In English literature the most important Romantic poets were Wordsworth and Coleridge, called the Lake Poets, and the younger generation poets (Keats, Shelley and Byron).
For the Romantics, imagination was fundamental because they thought that poetry was impossible without it. They saw imagination as the very source of spiritual energy, regarding it as divide and believing that they were partaking of the activity of God. The Romantic artists put themselves at the centre of their work. They rejected society as corrupting and pursued their true selves in isolation. Then they believed that only few select men (artists and poets) were attuned to imagination.

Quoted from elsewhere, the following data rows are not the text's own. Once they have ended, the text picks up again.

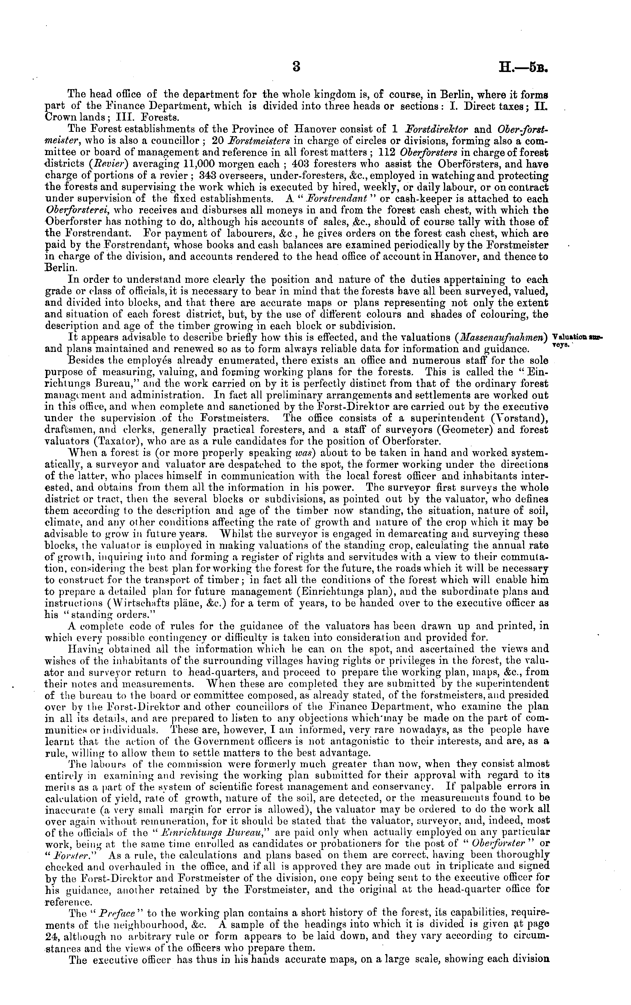 The head office of the department for the whole kingdom is, of course, in Berlin, where it forms part of the Finance Department, which is divided into three heads or sections :I. Direct taxes; 11. Crown lands ; 111. Forests. The Forest establishments of the Province of Hanover consist of 1 Forstdirelctor and Ober-forst-meister, who is also a councillor ; 20 Forstmeisters in charge of circles or divisions, forming also a committee or board of management and reference in all forest matters ; 112 Oberforsters in charge of forest districts (Revier) averaging 11,000 morgen each ; 403 foresters who assist the Oberforsters, and have charge of portions of a revier ; 343 overseers, under-foresters, &c, employed in watching and protecting the forests and supervising the work which is executed by hired, weekly, or daily labour, or on contract under supervision of the fixed establishments. A " Forstrendant "or cash-keeper is attached to each Oberforsterei, who receives and disburses all moneys in and from the forest cash chest, with which the Oberforster has nothing to do, although his accounts of sales, &c, should of course tally with those of the Forstrendant. For payment of labourers, &c ,he gives orders on the forest cash chest, which are paid by the Forstrendant, whose books and cash balances are examined periodically by the Forstmeister in charge of the division, and accounts rendered to the head office of account in Hanover, and thence to Berlin. In order to understand more clearly the position and nature of the duties appertaining to each grade or class of officials, it is necessary to bear in mind that the forests have all been surveyed, valued, and divided into blocks, and that there are accurate maps or plans representing not only the extent and situation of each forest district, but, by the use of different colours and shades of colouring, the description and age of the timber growing in each block or subdivision. It appears advisable to describe briefly how this is effected, and the valuations (Massenaufnahmen) and plans maintained and renewed so as to form always reliable data for information and guidance. Besides the employes already enumerated, there exists an office and numerous staff for the sole purpose of measuring, valuing, and forming working plans for tho forests. This is called the " Einrichtungs Bureau," and the work carried on by it is perfectly distinct from that of the ordinary forest management and administration. In fact all preliminary arrangements and settlements are worked out in this office, and when complete and sanctioned by the Forst-Direktor are carried out by the executive under the supervision of tho Forstmeisters. The office consists of a superintendent (Vorstand), draftsmen, and clerks, generally practical foresters, and a staff of surveyors (Geometer) and forest valuators (Taxator), who are as a rule candidates for the position of Oberforster. When a forest is (or more properly speaking was) about to be taken in hand and worked systematically, a surveyor and valuator are despatched to the spot, the former working under the directions of the latter, who places himself in communication with the local forest officer and inhabitants interested, and obtains from them all the information in his power. The surveyor first surveys the whole district or tract, then the several blocks or subdivisions, as pointed out by the valuator, who defines them according to the description and age of the timber now standing, the situation, nature of soil, climate, and any other conditions affecting the rate of growth and nature of the crop which it may be advisable to grow in future years. Whilst the surveyor is engaged in demarcating and surveying these blocks, the valuator is employed in making valuations of the standing crop, calculating the annual rate of growth, inquiring into and forming a register of rights and servitudes with a view to their commutation, considering the best plan for working the forest for the future, the roads which it will be necessary to construct for the transport of timber; in fact all the conditions of the forest which will enable him to prepare a detailed plan for future management (Einrichtungs plan), and the subordinate plans and instructions (Wirtschafts plane, &c.) for a term of years, to be handed over to the executive officer as his " standing orders." A complete code of rules for the guidance of the valuators has been drawn up and printed, in which every possible contingency or difficulty is taken into consideration and provided for. Having obtained all the information which he can on the spot, and ascertained the views and wishes of the inhabitants of the surrounding villages having rights or privileges in the forest, tho valuator and surveyor return to head-quarters, and proceed to prepare the working plan, maps, &c, from their notes and measurements. When these are completed they are submitted by the superintendent of the bureau to ihe hoard or committee composed, as already stated, of the forstmeisters, and presided over by the Forst-Direktor and other councillors of the Finance Department, who examine the plan in all its details, and are prepared to listen to any objections whichmay be made on the part of communities or individuals. These are, however, lam informed, very rare nowadays, as the people have learnt that the action of the Government officers is not antagonistic to their interests, and are, as a rule, willing to allow them to settle matters to the best advantage. The labours of the commission were formerly much greater than now, when they consist almost entirely in examining and revising the working plan submitted for their approval with regard to its merits as a part of the system of scientific forest management and conservancy. If palpable errors in calculation of yield, rate of growth, nature of the soil, are detected, or the measurements found to be inaccurate (a very small margin for error is allowed), the valuator may b
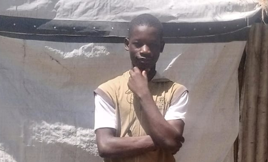 Oduory Titus Oseso while outside their tent at Humwanda flood rescue center where they have been staying since 2020|Photo Courtesy|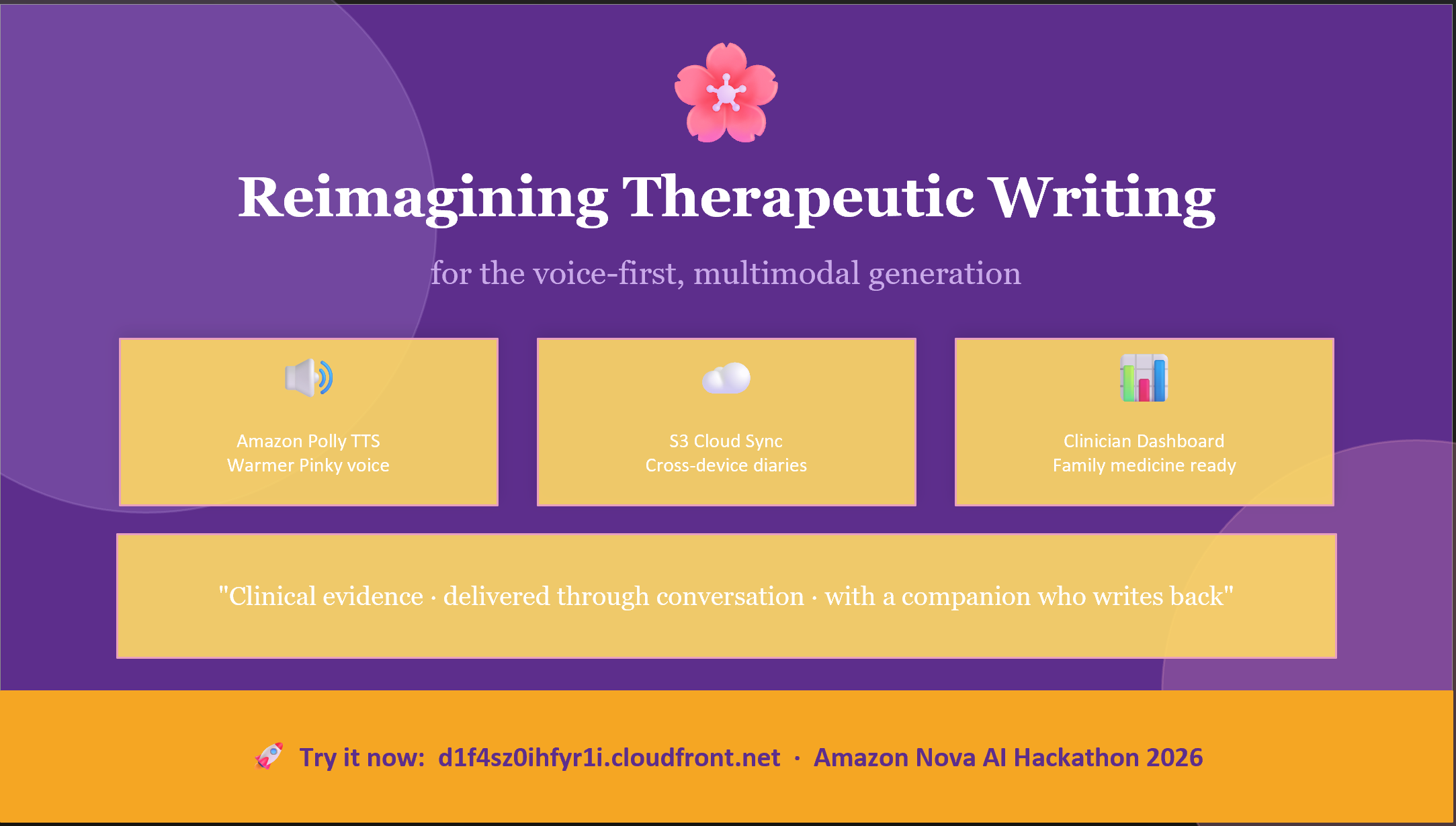 MoodBloom reimagines therapeutic writing for the voice-first, multimodal generation: clinical evidence, delivered through conversation, with a companion who writes back — powered by Amazon Nova, at the moment you need it most.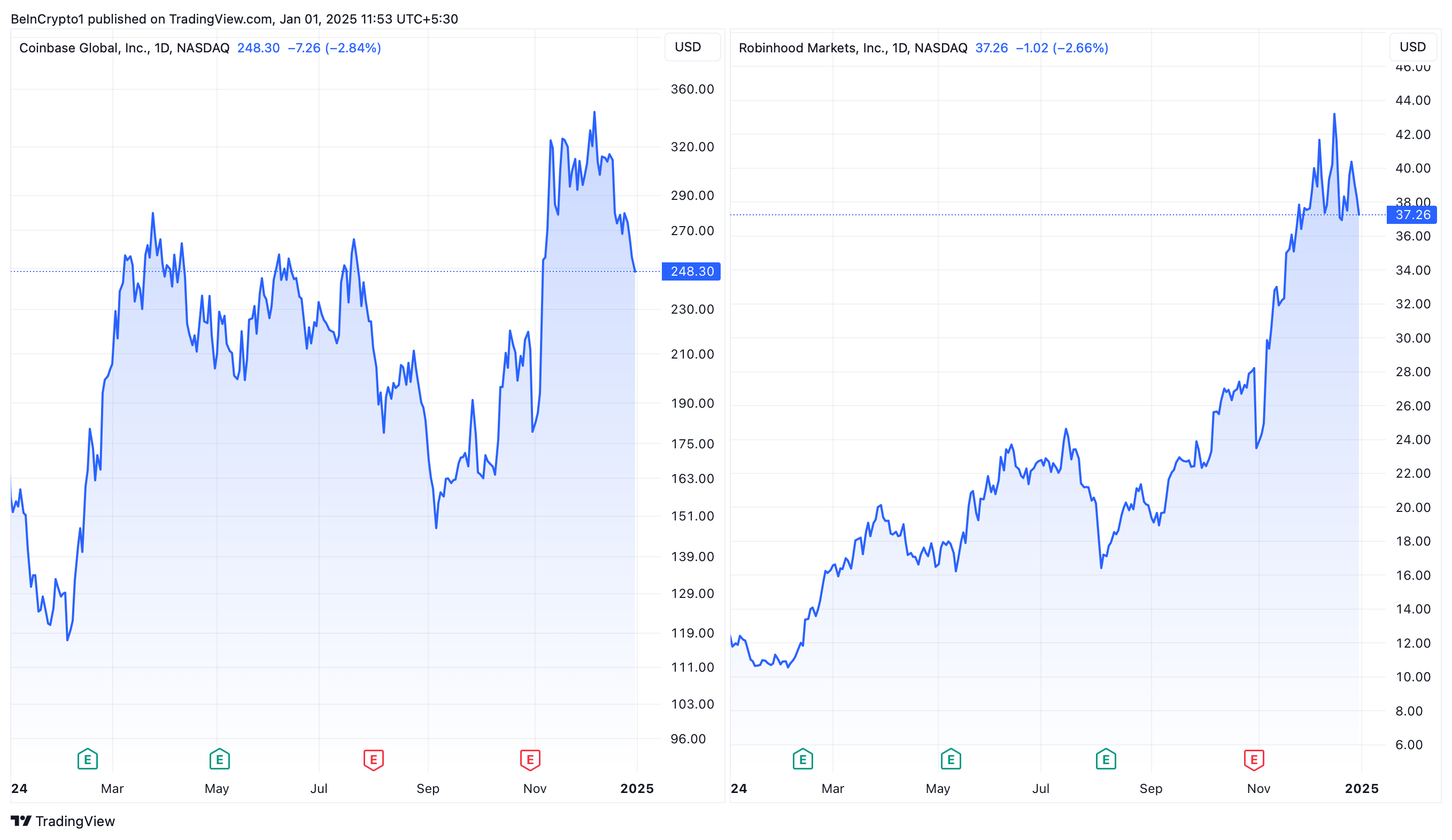 Coinbase begon 2024 met een aandelenkoers van $156 maar eindigde het jaar rond $250, een stijging van 50%. Robinhood-aandelen stegen ook met bijna 200% op de jaarlijkse grafieken.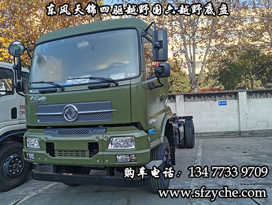 DFV2163GP6DJ型國六排放東風天錦四驅(qū)越野底盤,東風天錦D530一排半駕駛室,4×4驅(qū)動,康明斯B6.2NS6B210國六發(fā)動機210馬力,最大扭矩:850N.m/1100-1700rpm,排量6.2L、韶齒手動六檔變速箱,東風德納車橋,前驅(qū)動橋4.5噸,后橋10噸,10.00R20輪胎,軸距4500mm/4700mm,電動玻璃,方向助力,斷氣剎,ABS,大燈自動調(diào)節(jié),自動調(diào)整臂,選裝原廠空調(diào)。
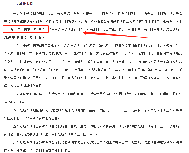 (一)对于9月3日至5日中级会计资格考试停考考区,统一组织延期考试。延期考试的考区,可为符合条件的考生提供是否参加延期考试的选择。如考生选择不参加延期考试,可为考生退还报名费并将已取得的合格成绩有效期延长1年。相关考生可于2022年10月24日至11月6日登录“全国会计资格评价网”(如未注册,须先完成注册),申请退费。未按时申请的,默认参加12月3日至4日组织的延期考试。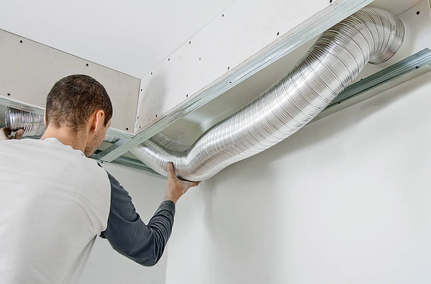 Если же в качестве системы вентиляции выбрана принудительная или искусственная вытяжка, то важно учесть, что работы необходимо производить до того, как осуществляется установка натяжного потолка. Сначала производится расчёт и монтаж самой системы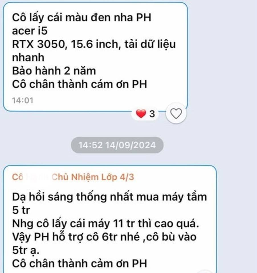 Ngày 16/9, cô H. tiếp tục nhắn tin tới phụ huynh trong lớp 4/3 với nội dung: "Hôm thứ Bảy (14/9), cô có xin phụ huynh hỗ trợ laptop khoảng 5 - 6 triệu đồng, và cô đã mua máy 11 triệu đồng, thì cô bù vào 5 triệu đồng và laptop này là của cô. Phụ huynh có đồng ý không ạ?".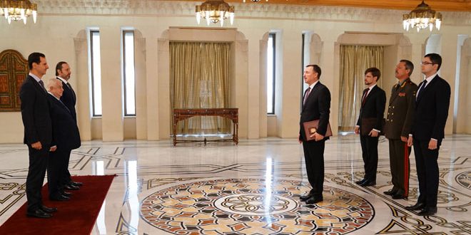 واستقبل الرئيس الأسد السفيرين كلاً على حدة وتبادل معهما الحديث وتمنى لهما النجاح في مهامهما.

William Wordsworth (1770-1850)
Life
Wordsworth was born in 1770 Cumberland (Cumbria) in the English Lake District, the beautiful region near the Scottish border where he spent his childhood. He was educated at St. John’s College (Cambrigde) and in 1790 he went on a walking tour of the France and the Alps. His contact with Revolutionary France filled him with the enthusiasm for the democratic ideals, but the brutal failure of revolution led him to the edge of nervous breakdown, which was healed by the contact of the nature in Dorset, where he lived where his sister Dorothy. In 1795 he moved to Somerset to be near to Samuel Coleridge. They produced a collection of poems, The Lyrical Ballads, which proved crucial for the development of English Romantic poetry. In fact, in the second edition, Wordsworth added The Preface, which became the Manifesto of English Romanticism.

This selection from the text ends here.